Other aspects of SDTM and ADaM programming also leverage metadata such as applying controlled terminology (value-level metadata), identifying the sort sequence of a dataset, applying variable labels, or even simply the order that variables are presented in the dataset. Reporting programs can also benefit from the use of metadata, where code lists allow for the conversion of character to factor variables, which can be useful to supplement empty rows without the creation dummy datasets. Other possibilities include the creation of compliance and consistency checks, study deliverable quality and completeness checks, and more – as metadata can serve several different purposes.
Organizations will inevitably handle their metadata in different ways, be it in Excel® spreadsheets, SQL databases, or other formats. The schemas of these different sources of metadata will likely all be different – even when organizations are following CDISC standards. Packages designed for CDISC programming activities will need to leverage this metadata in different places. For example, xportr has an isolated purpose, and a package centered around SDTM programming techniques will have another purpose – but metadata can be leveraged within both packages.

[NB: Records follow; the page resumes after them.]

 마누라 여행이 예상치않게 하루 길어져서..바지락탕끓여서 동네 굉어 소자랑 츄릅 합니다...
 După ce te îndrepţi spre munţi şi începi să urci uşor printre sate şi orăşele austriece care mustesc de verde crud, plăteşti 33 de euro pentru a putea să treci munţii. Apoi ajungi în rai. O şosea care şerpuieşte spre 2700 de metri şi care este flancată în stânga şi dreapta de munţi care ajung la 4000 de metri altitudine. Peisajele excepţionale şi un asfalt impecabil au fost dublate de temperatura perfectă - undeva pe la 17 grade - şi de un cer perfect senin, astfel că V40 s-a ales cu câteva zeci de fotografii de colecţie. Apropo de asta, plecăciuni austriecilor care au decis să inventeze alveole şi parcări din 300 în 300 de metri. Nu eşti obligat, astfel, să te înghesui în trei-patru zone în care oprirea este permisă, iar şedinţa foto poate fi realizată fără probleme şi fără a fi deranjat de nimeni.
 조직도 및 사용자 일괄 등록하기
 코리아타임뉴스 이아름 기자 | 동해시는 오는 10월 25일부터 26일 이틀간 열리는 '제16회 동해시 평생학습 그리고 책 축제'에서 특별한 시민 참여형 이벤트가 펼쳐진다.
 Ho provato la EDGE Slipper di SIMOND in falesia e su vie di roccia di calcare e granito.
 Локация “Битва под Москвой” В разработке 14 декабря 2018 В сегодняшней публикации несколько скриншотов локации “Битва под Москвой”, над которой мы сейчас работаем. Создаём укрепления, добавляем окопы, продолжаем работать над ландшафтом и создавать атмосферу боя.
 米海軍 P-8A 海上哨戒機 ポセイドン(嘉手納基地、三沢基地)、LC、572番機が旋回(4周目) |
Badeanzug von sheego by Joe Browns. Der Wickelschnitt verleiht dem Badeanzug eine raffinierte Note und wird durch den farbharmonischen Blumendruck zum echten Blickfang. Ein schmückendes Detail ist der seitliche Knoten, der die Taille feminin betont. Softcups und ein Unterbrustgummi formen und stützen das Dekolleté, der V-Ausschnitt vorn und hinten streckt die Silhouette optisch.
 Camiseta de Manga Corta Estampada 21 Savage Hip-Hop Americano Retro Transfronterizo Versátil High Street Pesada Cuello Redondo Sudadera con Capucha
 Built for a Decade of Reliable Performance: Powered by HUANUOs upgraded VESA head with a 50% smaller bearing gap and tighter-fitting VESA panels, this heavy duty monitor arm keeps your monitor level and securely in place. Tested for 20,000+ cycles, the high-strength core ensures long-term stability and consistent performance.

The largest challenge of metacore is getting metadata from organization specific formats to the standardized format of the container. Helper functions have been written to simplify the import of data from Excel spreadsheets, and readers have additionally been created for define.xml files. If these helpers are not sufficient, then fortunately the creation of a reader is a one-time activity that can then be reused moving forward – allowing users to still benefit from the standardized container provided by metacore.
open source solutions
Each of these packages (timber, xportr, metacore) have been released under an MIT license, an important target for the Atorus-GSK collaboration. The objective is to enable the acceleration of using R to deliver the clinical data pipeline. The design and features you will find in these packages are the result of our understanding of the underlying problem, combining the perspectives of both organizations. While we also have planned enhancements in the backlog, you are part of the user base and your opinions matter!
Releasing our packages under a permissive license permits both the use and critique of the provided solutions. With these packages out in the open, we’re eager to hear from the community. We welcome comments, testing, and contributions through our GitHub repository, much like we provided to the maintainer of SASxport. What works? What doesn’t? Are we on point or off the mark? Feedback drives progress, and the beauty of open-source is that you all have a voice – and we’re happy to listen.